Organizations Help Communities Gear Up for Hurricane Season
Hurricane season kicked off June 1, and with the National Oceanic and Atmospheric Administration forecasting that this season may be worse than usual, groups are looking to use their influence to help businesses prepare.
Hurricane season has officially arrived, and it likely won’t be smooth sailing.
The National Oceanic and Atmospheric Administration (NOAA) is forecasting five to nine hurricanes this year—two to four of which could be Category 3 or higher. Moreover, with data released by CoreLogic predicting that 6.9 million homes along the Atlantic and Gulf coasts are potentially at risk of damage from storm surges during the 2017 hurricane season, there’s much to be done in helping businesses and communities baton down the hatches.
The good news: a flurry of organizations are aiding communities in their preparation for potential storms with emergency supplies, evacuation plans, hurricane insurance, and anything else that can help get families and businesses ready.

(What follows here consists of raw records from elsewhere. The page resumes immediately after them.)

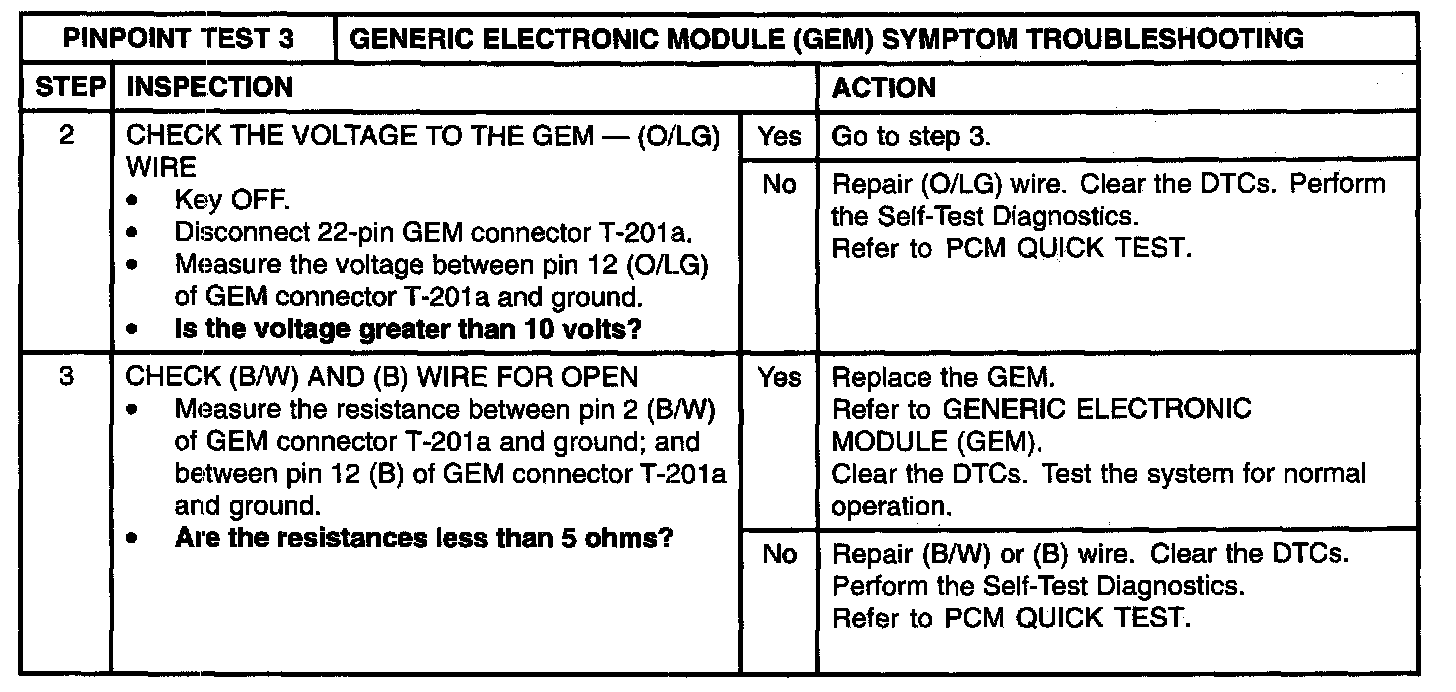 3: Generic Electronic Module (Gem) Symptom Troubleshooting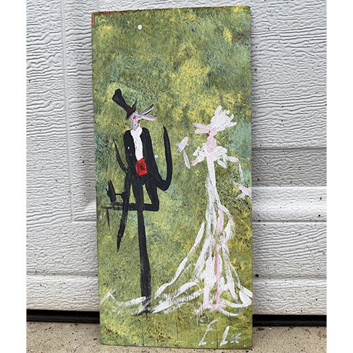 Those of you who know the work will understand measurements can vary from panel to panel, as does the quality of the board used. Sometimes you'll find small blades of grass as part of the piece - not a purposeful addition - that's what happens as Ernest Lee paints and tosses his work to dry on the ground.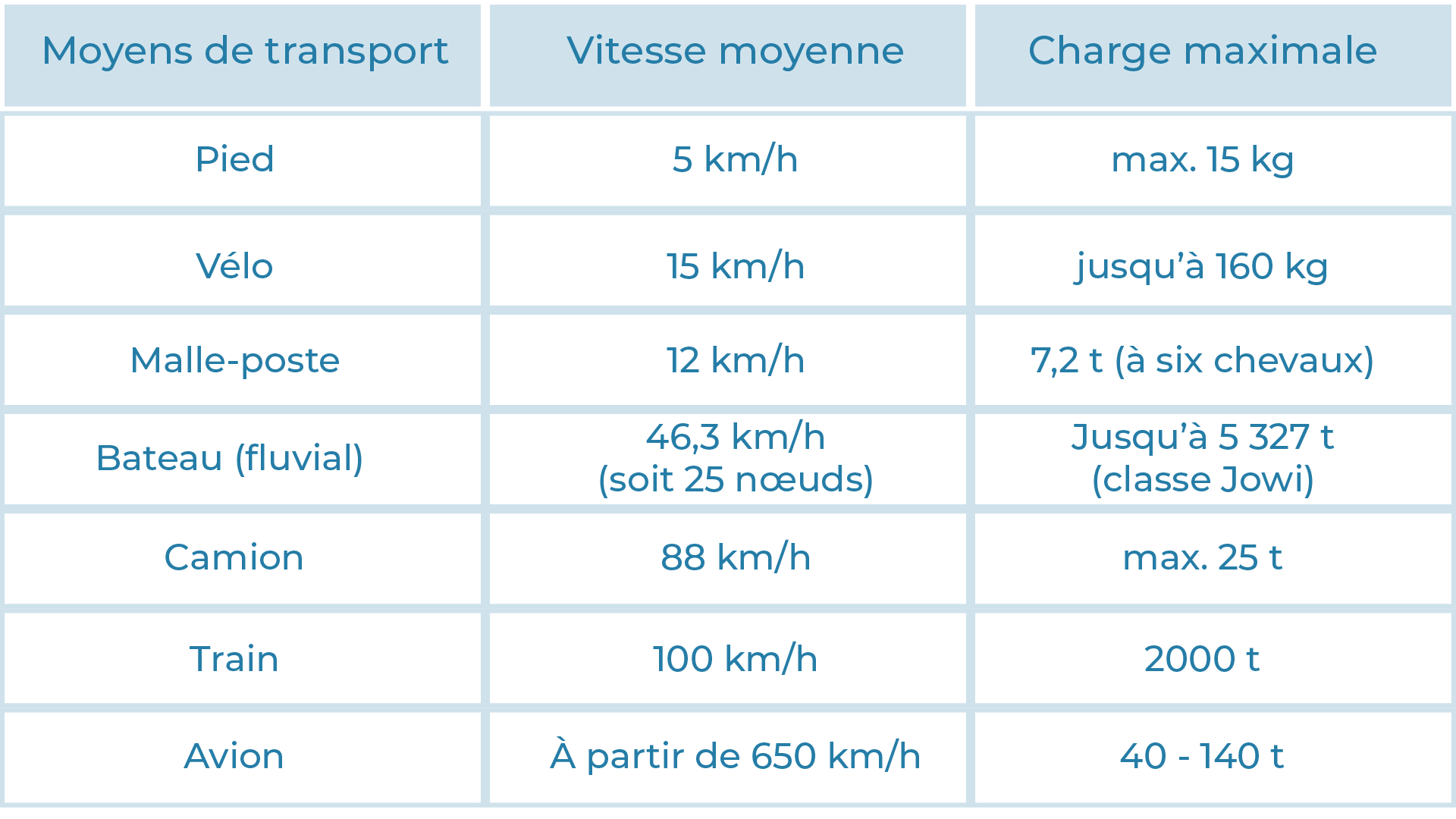 Vitesse moyenne et charge maximale des moyens de transport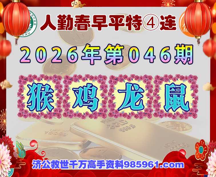 046期:『人勤春早』 😜平特④连😜【猴鸡龙鼠】开:兔03错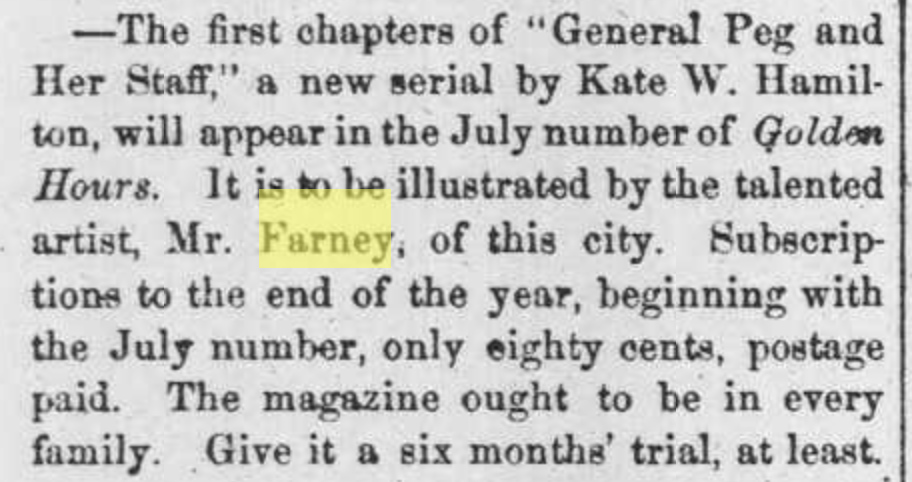 The first documented entry I can find about his return to the world of “Bread and Butter” projects are his illustrations for Kate W. Hamilton’s story General Peg and Her Staff. The April 18, 1877, issue of the Western Christian Advocate on page 125, column 1, noted Farny’s work for the story: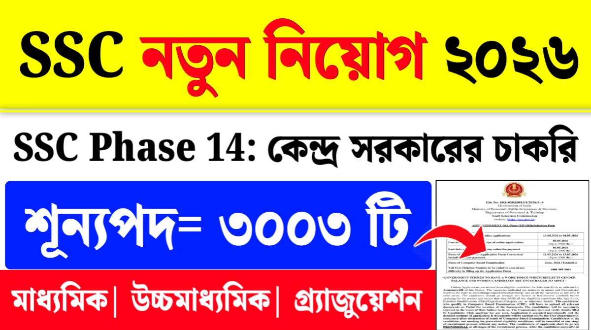 সমস্ত চাকরিপ্রার্থীদের জন্য দারুন খুশির খবর। এখন বর্তমানে SSC বোর্ডের তরফ থেকে Phase 14 এর জন্য ৩০০৩ টি শূন্যপদে নতুন নিয়োগের বিজ্ঞপ্তি প্রকাশ করা হয়েছে ভিন্ন ভিন্ন পোষ্টে। যেখানে মাধ্যমিক, উচ্চমাধ্যমিক ও গ্রাজুয়েশন পাশ যোগ্যতায় আবেদন করা যাবে। আবেদন শুরু হয়েছে ১৩ ই এপ্রিল ২০২৬ তারিখ থেকে এবং আবেদন চলবে আগামী ৪ই মে ২০২৬ তারিখ পর্যন্ত। আজকের এই পোষ্টের মাধ্যমে এই নোটিশ সংক্রান্ত বিস্তারিত তথ্য নিয়ে আলোচনা করা হবে তাই শেষ পর্যন্ত পোস্টটি পড়ুন।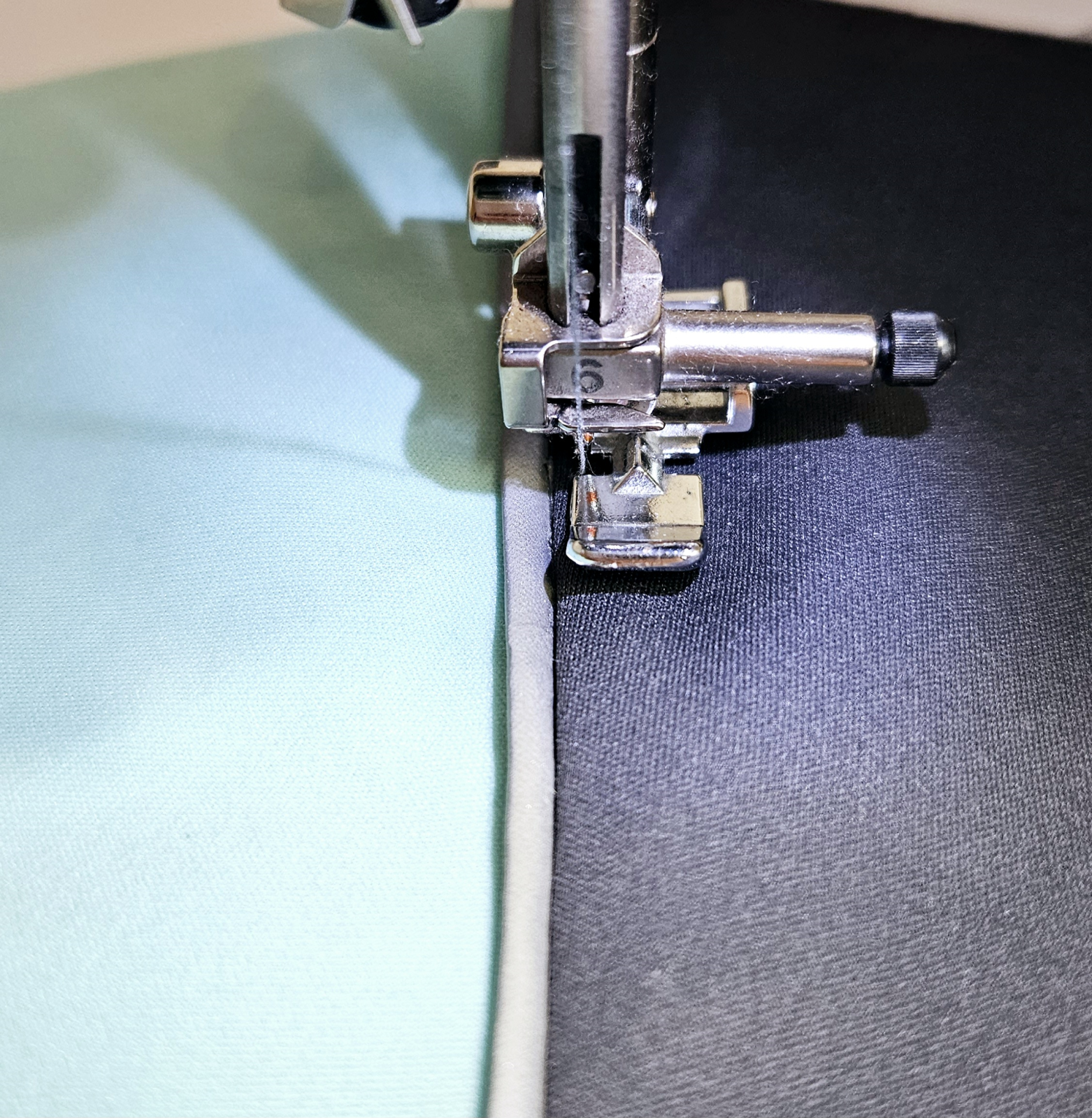 Látku přiložím lícem na líc druhého dílu. Nový díl je dole, díl s viditelným šitím je pod strojem, opět šiji patkou na zip a šití je na totožném místě jako to minulé.

Shipping Supplies to Vulnerable Communities
Direct Relief, a nonprofit that delivers lifesaving medical resources worldwide, is positioning packs of emergency medicine and medical supplies in nine vulnerable U.S. states and five Caribbean and Central American countries.
The nonprofit will deliver 50 of the packs to its health centers and free clinic partners in each of the states to help augment supplies in overwhelmed medical facilities during emergencies.
“Each pack has supplies to treat 100 people for three to five days and contains a range of items, including antibiotics, pain relievers, inhalers, behavioral health medications, first-aid supplies, and medications for chronic diseases like diabetes, hypertension,” according to a statement by the nonprofit.
It has delivered the packs for free since 2007, thanks to a relationship with FedEx.
Keeping Communities in the Know
To help keep communities informed on when a storm may arrive or how vulnerable they may be, NOAA’s National Hurricane Center is providing a suite of new forecast and communication tools this season.
Forecasters at the center will issue storm surge watches and warnings and advisories, watches, and warnings for disturbances that aren’t yet tropical cyclones but still threaten land with tropical storm or hurricane conditions within 48 hours.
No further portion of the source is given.